New venue will be built at Lusail to the north of the capital
Doha has approached contractors for another sporting venue as it moves closer to starting construction work on the $4bn of stadiums and arenas it plans to build for the 2020 Olympic Games and football’s 2022 World Cup.
The Qatar Olympic Committee has invited selected contractors to express interest in building the Al-Thumama multi-purpose sports hall at Lusail to the north of Doha. The hall will be built at the future Olympic park at Lusail, on vacant land in close proximity of the road that connects Doha’s West Bay with Al-Khor, close to the Qatar Shooting Association and Lusail Racing Circuit.
The project involves building a 19,132-seater multi-purpose hall with 16,432 fixed and 2,700 retractable seats for basketball, volleyball and handball games. It will have a basement and five above ground levels, with a mezzanine between the ground and the first floor. The built-up area is 107,650 square metres.
The Olympic committee has already invited contractors to express interest in two packages. The first is the enabling works and the second is for the construction of the main building, site infrastructure and facades. Both packages will be completed as lump-sum fixed-price contracts.

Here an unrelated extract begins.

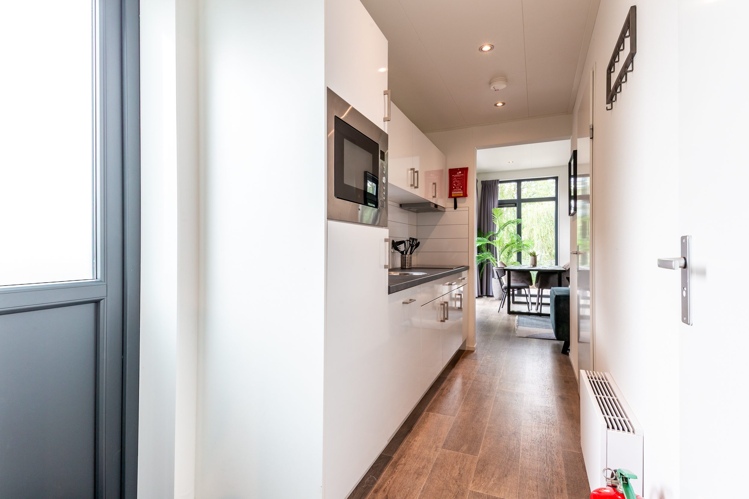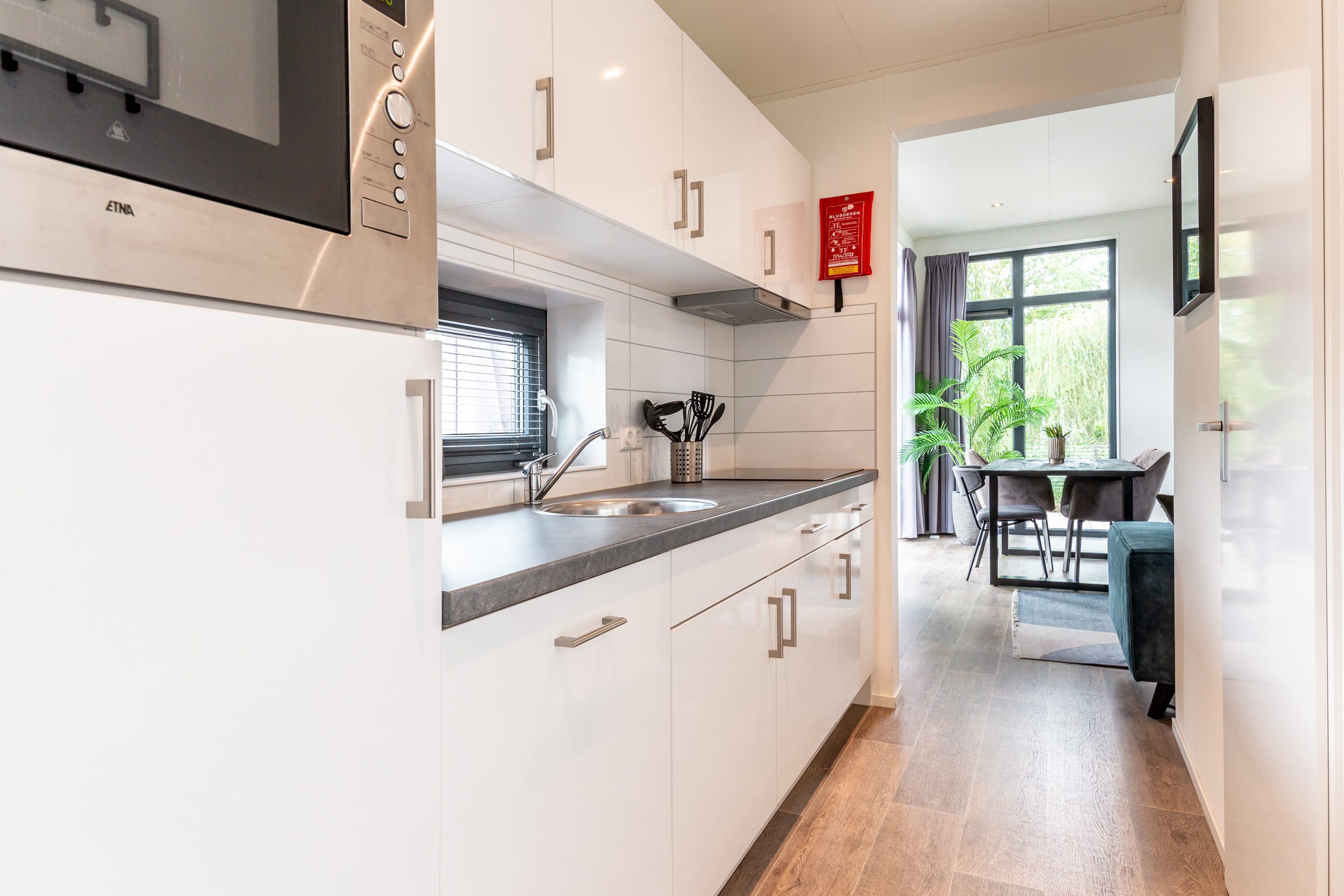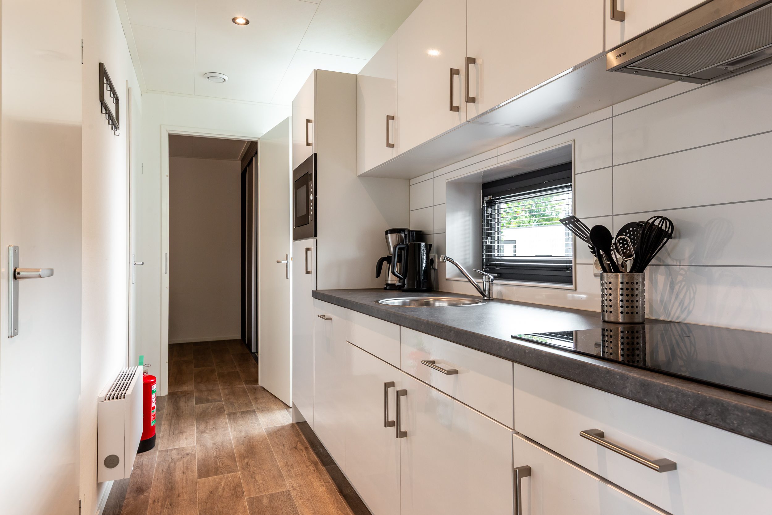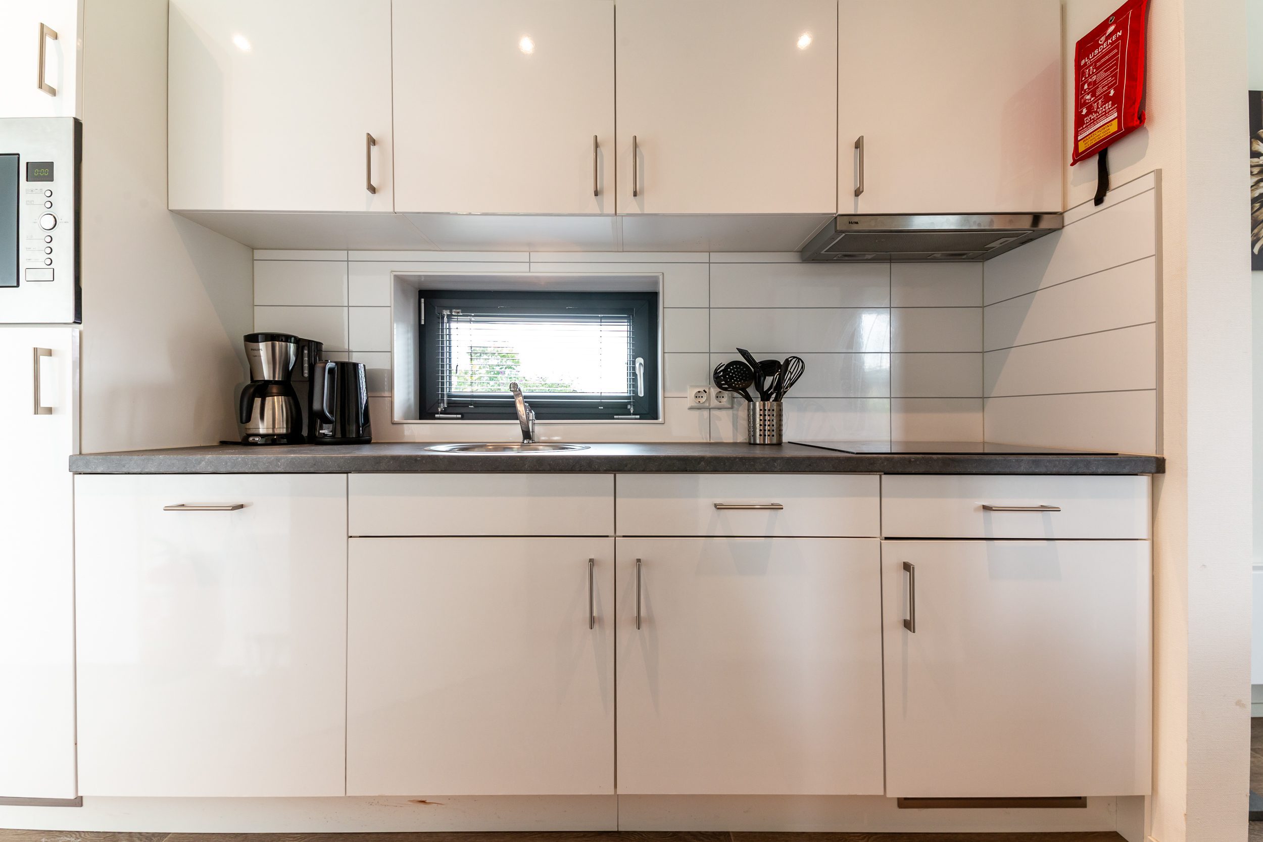 - Keuken van alle gemakken voorzien waaronder een inductiekookplaat, koel-vriescombinatie

Contractors have already expressed interest in the design and build contract for the steel structure with associated cladding and glazing works. The 14 companies that want to take part in the tender are:
- Cimolai (Italy)
- Cleveland Bridge (UAE)
- Donges Steeltec (Germany)
- Eiffel Construction (France)
- Eversendai Engineering (Malaysia)
- Permasteelisa Gartner (Italy)
- Ingemetal (Spain)
- Max Boegl (Germany)
- Mero (Germany)
- Nurol (Turkey)
- Seele (Germnay)
- Victor Buyck (Malaysia)
- Waagner Biro (Germany)
- William Hare (UK)
The Al-Thumama multi-purpose hall is the second Olympic facility that contractors have been approached for this year. In February, contractors were asked to express interest in construction contracts for a new venue at the Al-Sadd sports club, close to the Al-Waab intersection in Doha.
The sports hall will be designed for basketball, volleyball, handball, badminton and gymnastics, with a total seating capacity of 7,500. The hall will have a total built-up area of 52,200 square metres and will consist of five levels and basement car parking. The two packages that will be tendered on that project are for the enabling works and main building works and site infrastructure.
The projects are part of Doha’s extensive plans to upgrade its sporting infrastructure for the Olympics and World Cup and create new opportunities for sporting events for the region.
Doha secured the rights to host Fifa’s football World Cup in late 2010 and is one of five cities that have applied to host the Olympics in 2020 along with Baku, Istanbul, Madrid and Tokyo. Candidate cities will be picked on 23 May, ahead of the host being selected on 7 September.
On 14 April, Qatar’s Heir Apparent, Sheikh Tamim bin Hamad al-Thani, the president of the Qatar Olympic Committee, and chairman of the Doha 2020 bid, led a presentation to the Association of National Olympic Committees in Moscow. At the event, he said: “We want to utilise the 2020 Games to create new sporting and commercial opportunities for the Olympic Movement, and develop sporting programmes and venues that benefit an entire region.”
The heir apparent’s comments highlight the concerns in Doha that it is building facilities for one-off events that will not be used in the future. “Our plan ensures no ‘white elephants’, it is a totally sustainable approach – for the environment, for the venues, for our communities and for sport in the region,” says Noora al-Mannai, the chief executive officer of Doha’s Olympic bid.
Doha says many of the facilities it needs for the Olympics are already built. It estimates that 35 per cent of the venues required to host the games already exist, while 56 per cent of the competition sites are already planned and budgeted for in Qatar’s 2030 Vision plan. Doha has already invited contractors to express interest in one of the planned venues. “Qatar has put in place a sports masterplan, which is the basis of Doha’s bid and means that 91 per cent of our Games sports venues are already built or planned and budgeted for,” says Al-Mannai.
Another key concern for the organising committees in Doha is holding sporting events during the hot weather of the summer. Qatar plans to mitigate these concerns for the Olympics by hosting the event in October. “Athletes are at the heart of this vision. They must have the right conditions to perform. That is why the QOC has been engaging with the International Federations on the timing of a possible Doha 2020 Games,” said Sheikh Tamim. “This has resulted in our proposal to host the Olympic Games from 2-18 October and the Paralympic Games from the 4-15 November. “We have chosen those dates to deal directly with the issue of temperature. To ensure excellent conditions for athletes, spectators, and media, similar to those of previous Olympic Host cities.”